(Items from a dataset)
◇ ◇ ◇ ◇

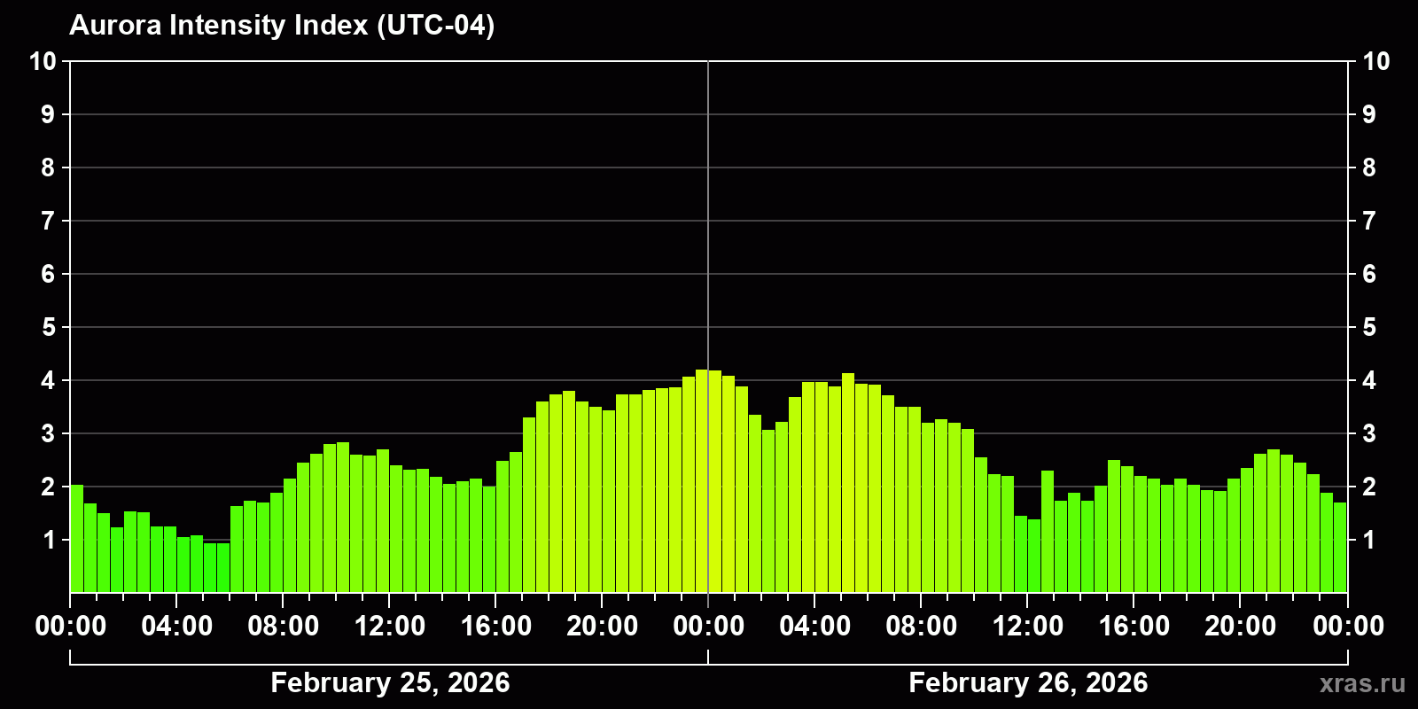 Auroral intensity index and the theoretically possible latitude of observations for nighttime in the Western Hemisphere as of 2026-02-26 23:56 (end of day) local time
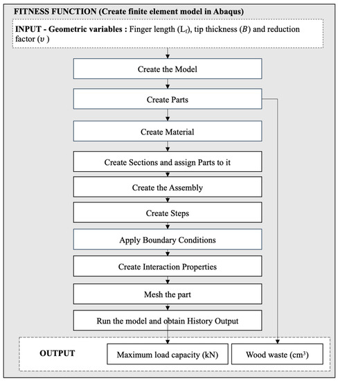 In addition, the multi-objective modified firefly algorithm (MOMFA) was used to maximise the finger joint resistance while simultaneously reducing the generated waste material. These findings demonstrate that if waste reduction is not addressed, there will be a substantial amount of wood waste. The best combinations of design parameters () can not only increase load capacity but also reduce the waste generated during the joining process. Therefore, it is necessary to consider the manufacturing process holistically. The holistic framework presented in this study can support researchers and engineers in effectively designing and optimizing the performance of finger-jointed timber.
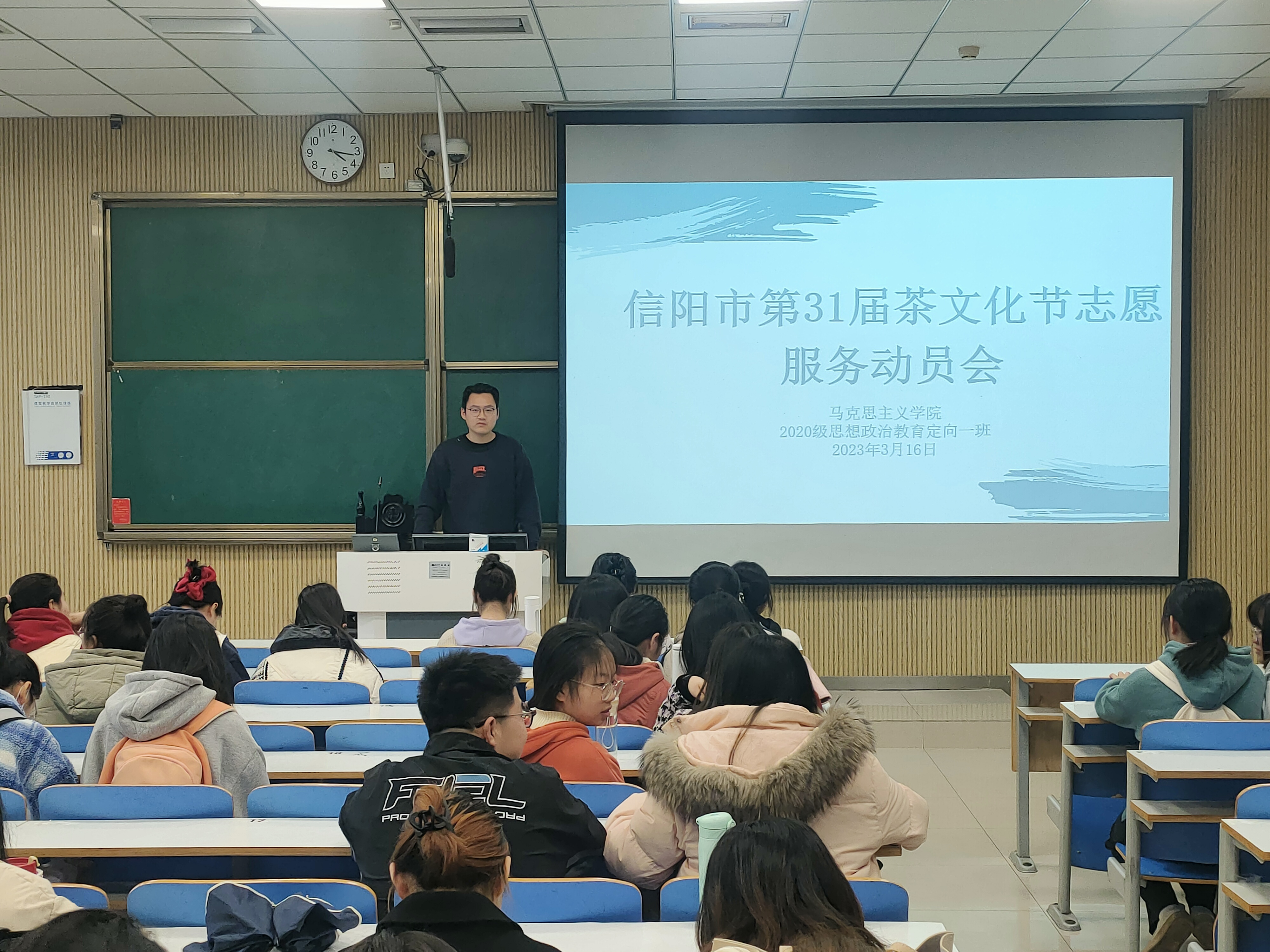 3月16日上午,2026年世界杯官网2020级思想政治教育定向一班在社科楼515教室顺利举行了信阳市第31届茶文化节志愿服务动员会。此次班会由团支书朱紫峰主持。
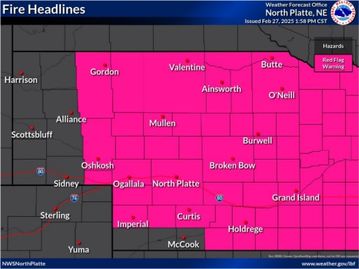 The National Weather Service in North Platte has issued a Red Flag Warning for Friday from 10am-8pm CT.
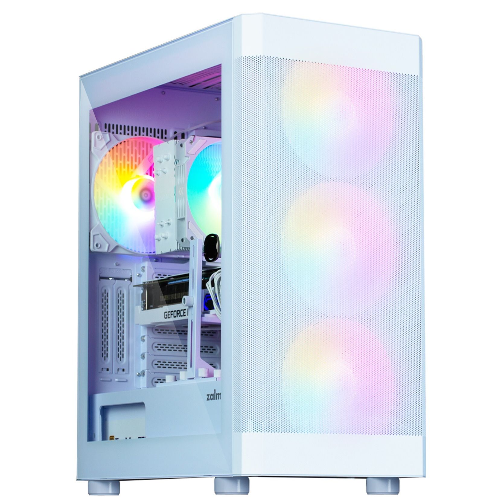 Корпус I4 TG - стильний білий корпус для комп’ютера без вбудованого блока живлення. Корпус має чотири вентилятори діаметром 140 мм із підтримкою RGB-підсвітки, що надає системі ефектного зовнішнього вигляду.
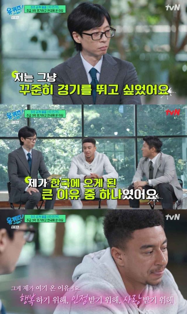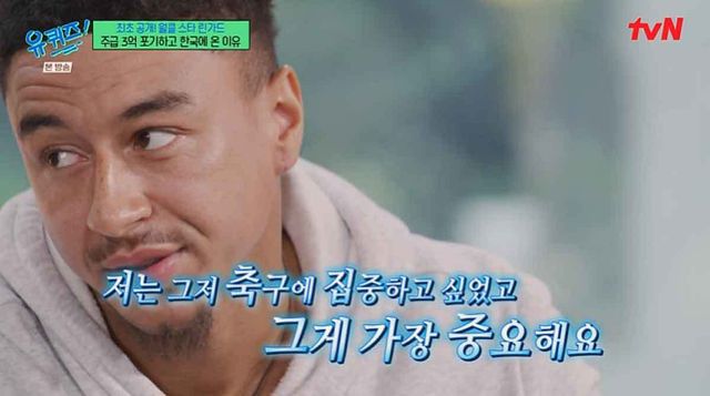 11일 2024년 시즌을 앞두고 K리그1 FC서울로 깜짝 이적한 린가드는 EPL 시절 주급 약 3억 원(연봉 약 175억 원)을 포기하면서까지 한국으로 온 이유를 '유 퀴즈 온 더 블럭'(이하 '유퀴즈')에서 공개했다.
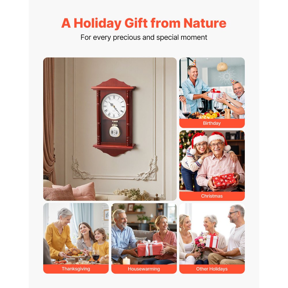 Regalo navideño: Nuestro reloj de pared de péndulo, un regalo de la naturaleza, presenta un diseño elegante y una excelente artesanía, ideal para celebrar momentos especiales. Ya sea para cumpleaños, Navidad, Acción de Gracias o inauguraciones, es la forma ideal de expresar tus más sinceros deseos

◇ ◇ ◇ ◇

Work request | Leaving the pictures out, give again word for word each line from the one holding "11일 2024년 시즌을" through the end of the records.

Reply |
 11일 2024년 시즌을 앞두고 K리그1 FC서울로 깜짝 이적한 린가드는 EPL 시절 주급 약 3억 원(연봉 약 175억 원)을 포기하면서까지 한국으로 온 이유를 '유 퀴즈 온 더 블럭'(이하 '유퀴즈')에서 공개했다.
 Regalo navideño: Nuestro reloj de pared de péndulo, un regalo de la naturaleza, presenta un diseño elegante y una excelente artesanía, ideal para celebrar momentos especiales. Ya sea para cumpleaños, Navidad, Acción de Gracias o inauguraciones, es la forma ideal de expresar tus más sinceros deseos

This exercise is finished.